Artikel 7:11, eerste lid, van de Algemene wet bestuursrecht (hierna: Awb), bepaalt dat, indien het bezwaar ontvankelijk is, op de grondslag daarvan een heroverweging van het bestreden besluit plaatsvindt.
Naar het oordeel van de rechtbank is het van de aard van de besluitvorming in primo afhankelijk welke gegevens in bezwaar alsnog in de beschouwing betrokken kunnen worden. Beginsel is, dat in bezwaar ex nunc besloten wordt, zodat met nieuwe feiten en omstandigheden rekening gehouden moet worden. In een aantal situaties kan aan dit beginsel echter niet worden vastgehouden.
Voorzover hier van belang is een van die situaties aan de orde, wanneer na het doorlopen van een besluitvormingstraject het bestuursorgaan een schaars goed over meerdere aanvragers moet verdelen of wanneer tussen verschillende pretendenten of kandidaten op basis van een vergelijking een keuze gemaakt moet worden.
Als dan op basis van de op het besluitvormingsmoment beschikbare informatie een zorgvuldige keuze gemaakt is, is een bestuursorgaan niet verplicht en in de meeste gevallen zelfs niet bevoegd om op basis van nadien ingekomen informatie de besluitvorming weer open te breken en tot een nieuwe afweging te komen.
De rechtbank stelt vast, dat de Regeling in artikel 10 de beoordelingscommissie verplicht haar advies uit te brengen in de vorm van een rangschikking van de aanvragen, waarover zij niet afwijzend adviseert.

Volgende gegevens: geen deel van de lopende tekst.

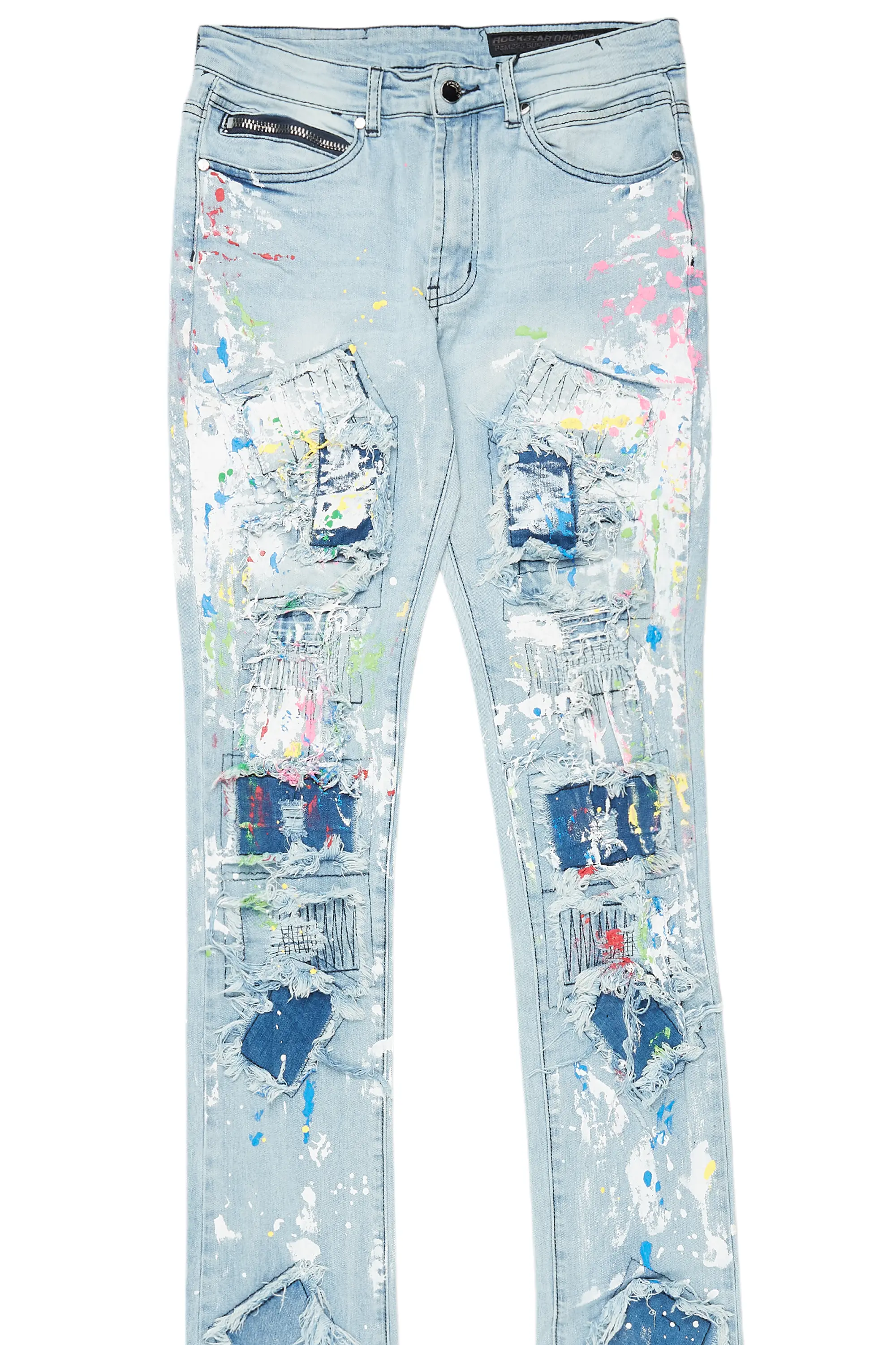An urban super stacked flare denim jean for men in blue. Designed with organic cotton and extra long legs for an essential streetwear style.

Ingevolge artikel 11 is de minister verplicht op alle aanvragen die in de aanvraagperiode zijn ingediend, gelijktijdig te beslissen.
Bij een dergelijk systeem past niet, dat in bezwaar de aanvraag gewijzigd of aangevuld zou kunnen worden, waarna de rechtmatigheid van de plaatsing van de aldus gewijzigde aanvraag in de rangschikking ter toetsing zou voorliggen. Dit zou immers ook impliceren, dat alle andere belanghebbenden weer bij de nieuwe besluitvorming betrokken zouden moeten worden.
Derhalve dient bij een bezwaarschrift tegen besluiten in een dergelijk kader slechts de vraag aan de orde te kunnen komen of de besluitvorming over de aanvragen, zoals zij ten tijde van indiening en beoordeling door de beoordelingscommissie en verweerder luidden, aan de te stellen eisen voldeed.
De rechtbank merkt vervolgens op dat het geschil in het onderhavige geding geen betrekking heeft op een te lage rangschikking.
Verweerders besluitvorming kent twee fasen; eerst een toetsing of het project voor subsidiëring in aanmerking komt en slechts voor de projecten die deze toetsing doorstaan, een rangschikking.
Het project van eiseres heeft reeds de genoemde toetsing niet doorstaan.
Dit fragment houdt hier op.